Wednesday, August 16, 2017

Quarterly Results Review - 2017Q2

Frasers Centrepoint Trust

Revenue dipped 1%, mainly due to AEI at Northpoint. Phase 2 is expected to complete in September, so I expect the next result to be similar. Shopper traffic is up ~3% if we exclude Northpoint.

All is well except Bedok Point, but I guess it can't be help at this time.

All eyes are now on the grand opening of Northpoint City. Rejoice Frasers shareholders!

Netlink Business Trust

Really small position due to IPO allocation.

Nothing much to say except this stock is not meant for flipping. This is a 5.7% yield dividend machine.

I expect very small fluctuations and investors to treat this more like a bond.

If in the unexpected case that it gets sell down harshly (to 70c), I will consider unleashing a full bullet. Otherwise, it'll probably just occupy a small position on my portfolio for a long time.


Sembcorp Industries

I thought the results was okay, considering the several one-offs deductions. Marine continue to be down in doldrums.

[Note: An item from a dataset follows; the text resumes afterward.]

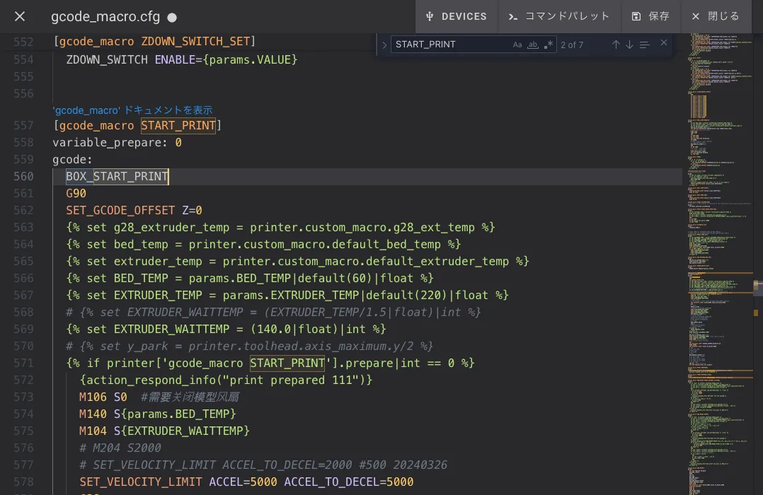 ファイルが開けたら[gcode_macro START_PRINT]という項目を探してください。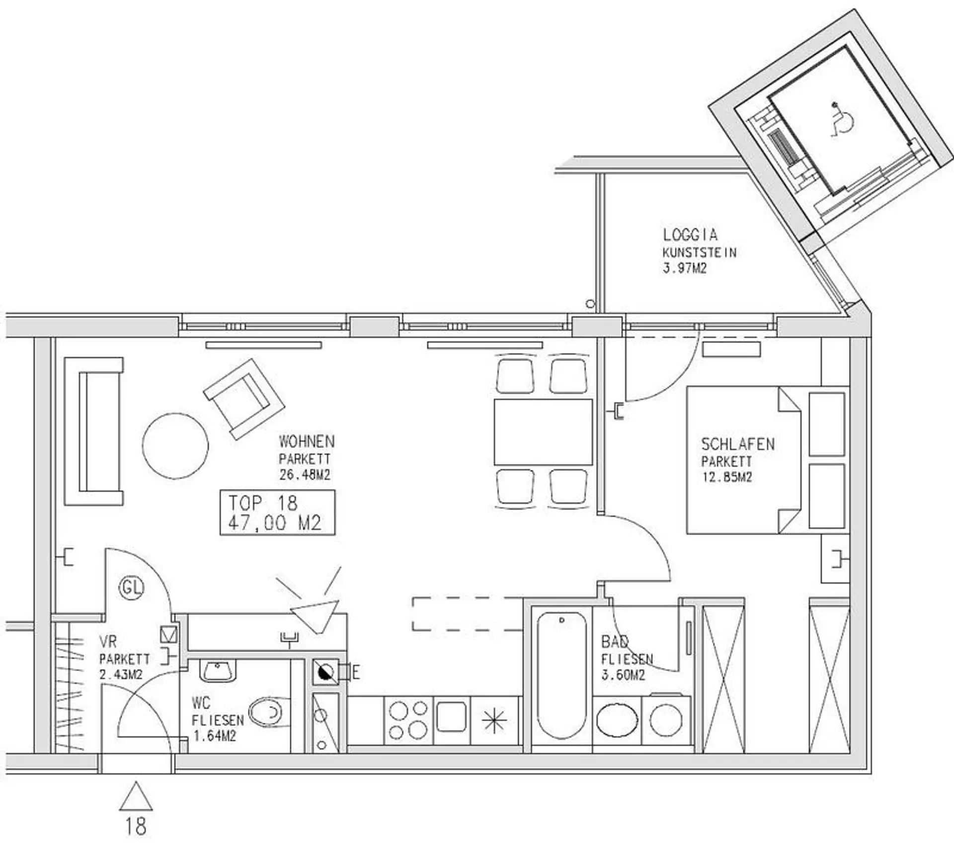 Vorraum, Wohnküche, Schlafzimmer, Bad, separates WC, Loggia

For Utilities, it is mainly supported by Singapore (50% of net profit) now. India's might continue to make losses for 2 to 3 years as they secure the power purchase agreement.

Interim dividend goes down to 3c, from 4c last year to build up their cash reserves.

Strategic revamp of the company will complete in 4Q.

M1

M1 posted another bad quarter (-20% profit) and is my most concerned counter at the moment. DPU has fallen to 11c, below my previous worst case estimate of 12c. I am strictly monitoring its performance.

Revenue is stable, fibre customers is climbing up slowly ($8K), data exceeding basic bundle is raising, and yet their profits keep falling. They are really squeezing their margins to retain their customers as can be seen from the falling ARPU.

My interpretation is that major shareholders refuse to sell at ~$2.1 due to low ball offers. Hence, the majority shareholders must felt that M1 is worth more than that.

I really have no confident in their CEO. Temasek selling is not a good sign as well. They are diversifying into data analytics, smart nation and IOT initiatives, but these all take time to become profitable.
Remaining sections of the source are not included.